▶ **Description of the task**
The lines below from the one with "ITI / Diploma" up to and including the one with "Boden Vibrant Carnation" are what you should set down, exactly and without pictures.

:: Data to process

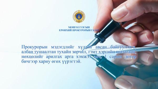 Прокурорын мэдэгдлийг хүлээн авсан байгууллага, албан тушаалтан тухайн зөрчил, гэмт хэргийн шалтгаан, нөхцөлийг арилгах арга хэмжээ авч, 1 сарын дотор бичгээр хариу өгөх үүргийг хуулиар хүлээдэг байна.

::::
:: Data to process

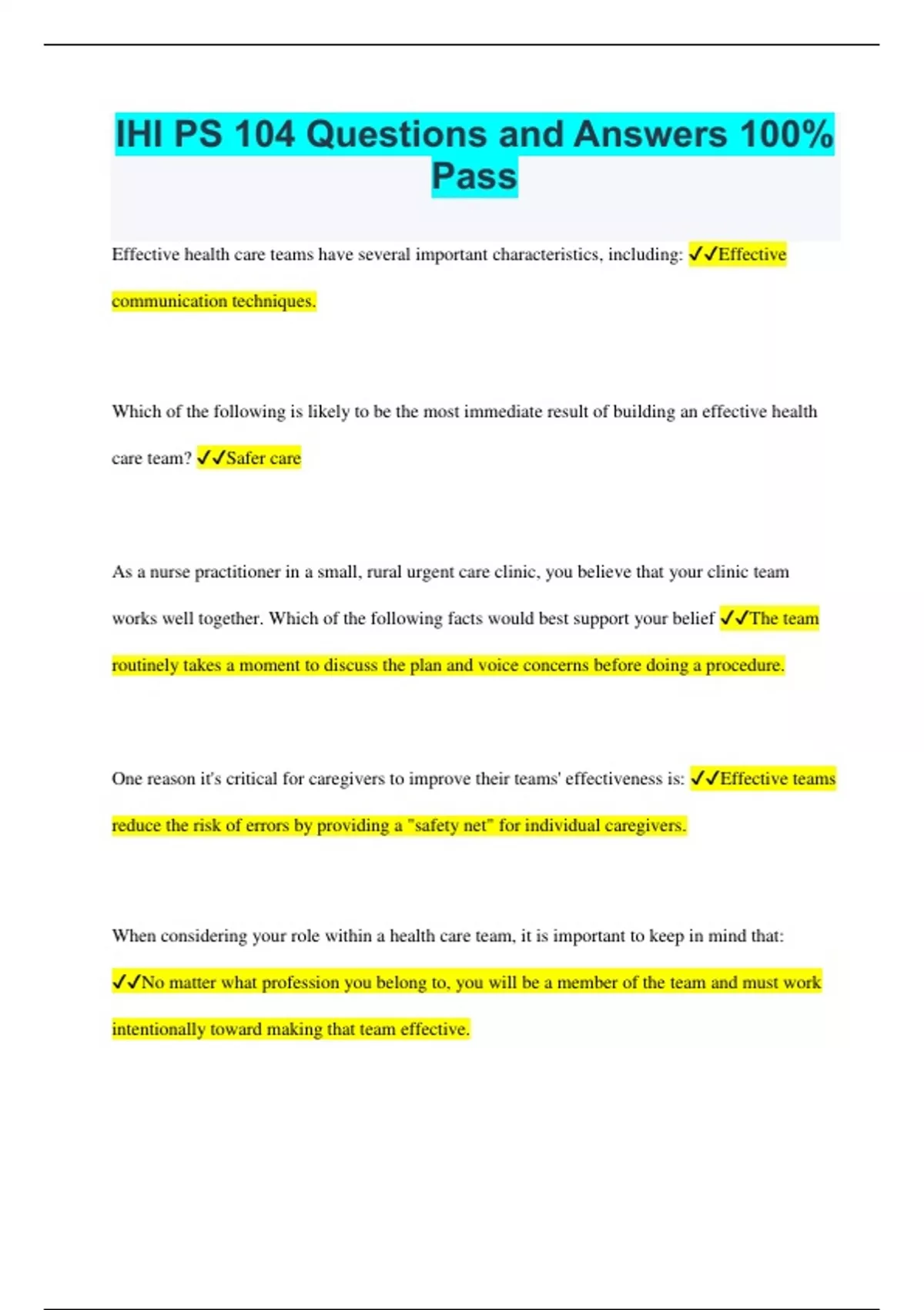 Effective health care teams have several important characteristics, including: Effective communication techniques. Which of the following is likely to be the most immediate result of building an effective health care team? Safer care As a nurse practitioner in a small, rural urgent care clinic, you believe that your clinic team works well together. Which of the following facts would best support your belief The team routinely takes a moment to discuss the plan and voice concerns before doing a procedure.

::::
:: Data to process

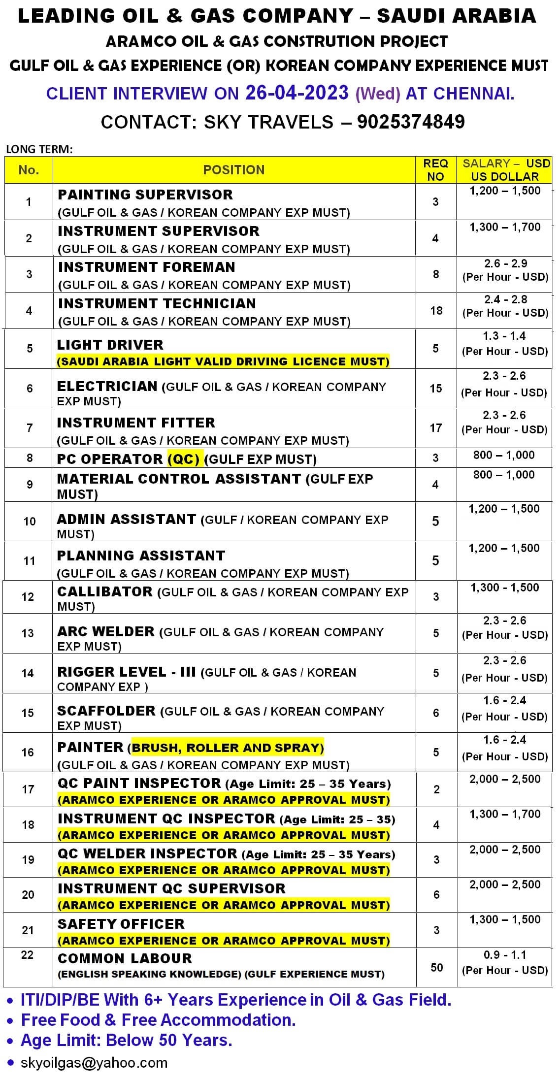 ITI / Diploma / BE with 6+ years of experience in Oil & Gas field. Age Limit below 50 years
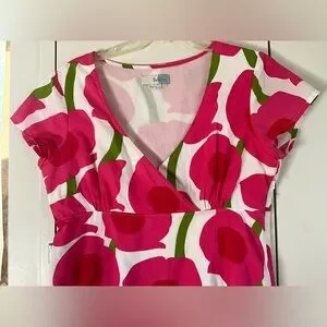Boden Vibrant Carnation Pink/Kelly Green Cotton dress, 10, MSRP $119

::::

▶ **Solution to the problem**
 ITI / Diploma / BE with 6+ years of experience in Oil & Gas field. Age Limit below 50 years
Boden Vibrant Carnation Pink/Kelly Green Cotton dress, 10, MSRP $119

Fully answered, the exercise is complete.